La revolución de la alegría mendocina no duró ni para inflar los globos; al día siguiente se conocieron los números del índice que Macri eligió para que se evalúe su gestión, la pobreza. Más que desaprobado, pero por favor, que no recurse: 35.4% de índice de pobreza, el peor en 17 años; la indigencia llegó al 7%; el 52.6% de las/os chicas/os menores de 14 años son pobres, unos cinco millones. La inflación de septiembre rondará el 6% (la más alta de todo el gobierno macrista) y la interanual el 55%. Se estima que terminará su mandato con el 40% de pobreza: “Para fin de año la pobreza aumentará al 38%”, Agustín Salvia, director del Observatorio de la Deuda Social de la UCA.

La agenda política es la del nuevo Gobierno, no del saliente, es la del Frente de Todos.

En los 30 actos de gira de despedida de campaña de Macri, se escuchan las voces del candidato a vice Miguel Ángel Pichetto, de la diputada Elisa Carrió y se toman las últimas medidas desde la trinchera de la ministra de Seguridad, Patricia Bullrich.

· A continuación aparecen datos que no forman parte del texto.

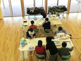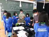 きららホールでは、5・6年生がミシンで手提げバッグを作っています。すぐ隣の理科室では8年生がコイルを巻いてモーター作りです。

La decisión es que sean ellos quienes “banquen” al Presidente para fortalecer con su discurso duro, su núcleo duro, y así mantener el 30% del electorado. Difícilmente consigan algo más. El clima de época ya es otro, y el discurso de mano dura puede ser simpático para gran parte del electorado, pero éste hoy tiene otra agenda: la economía, la falta de trabajo y el dinero que no alcanza. Y esa agenda política es la del nuevo Gobierno, no del saliente, es la del Frente de Todos. La sociedad se ha dado un baño de Peronismo.